OpenAI’s GPT-4 is a Large Language Model (LLM) that can generate coherent constructed languages, or “conlangs,” which we propose be called “genlangs” when generated by Artificial Intelligence (AI). The genlangs created by ChatGPT for this research (Voxphera, Vivenzia, and Lumivoxa) each have unique features, appear facially coherent, and plausibly “translate” into English.

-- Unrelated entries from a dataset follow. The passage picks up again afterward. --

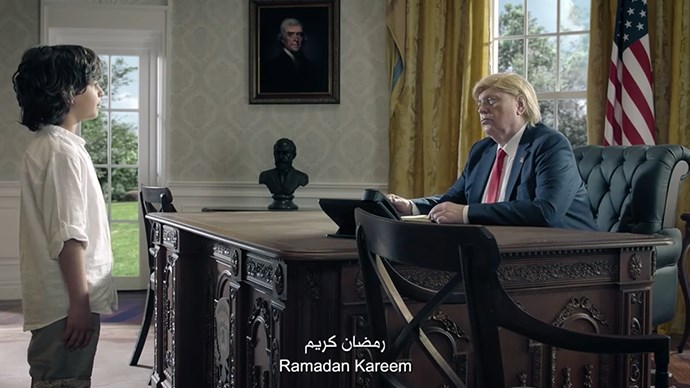 Το βίντεο ξεκινά με τον μικρό μουσουλμάνο να μπαίνει στο Οβάλ Γραφείο, στον Λευκό Οίκο και αντικρίζοντας τον Πρόεδρο των ΗΠΑ να του εύχεται «χαρούμενο Ραμαζάνι», προσκαλώντας τον να φάνε ιφταρ και ζητώντας του, αν μπορεί, να βρει το σπίτι του κάτω από τα συντρίμμια.
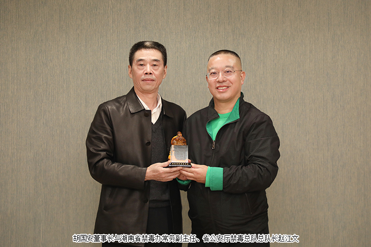 2021年10月28日,湖南省禁毒辦常務(wù)副主任、省公安廳禁毒總隊總隊長趙江文,省禁毒協(xié)會會長董瑛,省禁毒辦副主任、省公安廳禁毒總隊副總隊長李鵬飛,省公安廳禁毒總隊預(yù)防教育支隊支隊長彭國清等一行蒞臨綠之韻集團進行禁毒工作交流并舉行“湖南省禁毒協(xié)會副會長單位”授牌儀式。綠之韻集團董事長胡國安,綠之韻公益基金會理事長、綠之韻集團董事總裁勞嘉,綠之韻公益基金會秘書長蔣文參與本次工作交流會。
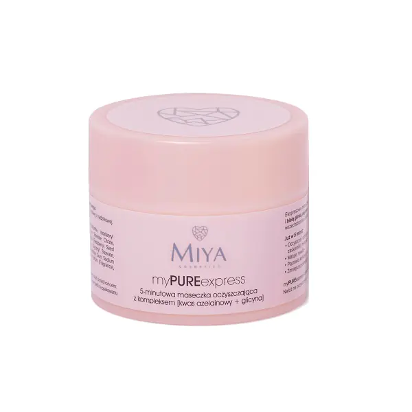 Miya Cosmetics My Pure Express 5-minutowa maseczka oczyszczająca 50g (P1)5906395957354myPUREexpress5-minutowa maseczka oczyszczająca z kompleksem lsqb5% kwas azelainowy + glicynarsqbEkspresowe oczyszczenie porów i skuteczne działanie na widoczne problemy skórne, już w 5 minut.Delikatna, przyjemna i szybka w użyciu, łatwo się zmywa i nie pozostawia uczucia ściągnięcia skóry.Formuła znbspkompleksem lsqb5% kwasnbspazelainowy + glicynarsqb, różową i białą glinką, olejkiem z nasion malin inbspjojoba, witaminą E i prowitaminą B5.Już ponbsp5 minutach oczyszczanbspinbspodblokowuje pory skórne, zaskórniki i niedoskonałości. Matuje, nawilża i poprawia kondycję skóry, zmniejsza przetłuszczanie skóry tłustej.Rezultaty:*97%nbsposób potwierdziło, że ich skóra i pory są oczyszczone z codziennych zanieczyszczeń*95%nbsposób potwierdziło, że skóra była matowaPrzy regularnym stosowaniu 2 razy w tygodniunbspwyraźnie zmniejsza widoczność porów, zaskórników i niedoskonałości.nbspPrzeciwdziała powstawaniu nowych, reguluje wydzielanienbspsebum.Rezultaty:*95%nbsposób potwierdziło, że odblokowuje pory i zmniejsza ich widoczność*95%nbsposób potwierdziło, że rozjaśnia skórę i nadaje jej zdrowy wygląd92,9% składników pochodzenia naturalnego0% zbędnych dodatków. Bez silikonów, parafiny, PEG-ów, olejów mineralnych, parabenów.nbspZobacz pełny składPrzebadana dermatologicznie. Odpowiednia dla wszystkich typów skóry, także wrażliwej i trądzikowej. Nie zapycha porów. Testowana dermatologicznie.nbspNietestowananbspna zwierzętach.nbspWegańska.nbsp

This study investigates whether genlangs created by ChatGPT follow Zipf’s law. Zipf’s law approximately holds across all natural and artificially constructed human languages. According to Zipf’s law, the word frequencies in a text corpus are inversely proportional to their rank in the frequency table. This means that the most frequent word appears about twice as often as the second most frequent word, three times as often as the third most frequent word, and so on. We hypothesize that Zipf’s law will hold for genlangs because (1) genlangs created by ChatGPT fundamentally operate in the same way as human language with respect to the semantic usefulness of certain tokens, and (2) ChatGPT has been trained on a corpora of text that includes many different languages, all of which exhibit Zipf’s law to varying degrees. Through statistical linguistics, we aim to understand if LLM-based languages statistically look human. Our findings indicate that genlangs adhere closely to Zipf’s law, supporting the hypothesis that genlangs created by ChatGPT exhibit similar statistical properties to natural and artificial human languages.
If the GPT ‘genlangs’ can be translated into English reliably, and we know English definitely follows Zipf’s law (and also all the evidence for ‘neuralinga’/‘interlingua’ from NMT), it seems like the genlangs would have to follow Zipf’s law too. If the genlangs are just thin skins by GPT over existing natural languages it knows, then why wouldn’t they follow Zipf’s law?
Seems like it’d be more relevant to show that for genlangs which don’t have any viable translation into an existing Zipfian language, they follow Zipf anyway.
I think that instead of considering random words as a baseline reference (Fig. 2), you should take the alphabet plus the space symbol, generate a random i.i.d. sequence of them, and then index words in that text. This won’t give a uniform distribution over words. It is total gibberish, but I expect it would follow Zipf’s law the same, based on these references I found on Wikipedia:
Wentian Li (1992), “Random Texts Exhibit Zipfs-Law-Like Word Frequency Distribution”
V. Belevitch (1959), “On the statistical laws of linguistic distributions”
I’d also show an example of the “ChatGPT gibberish” produced.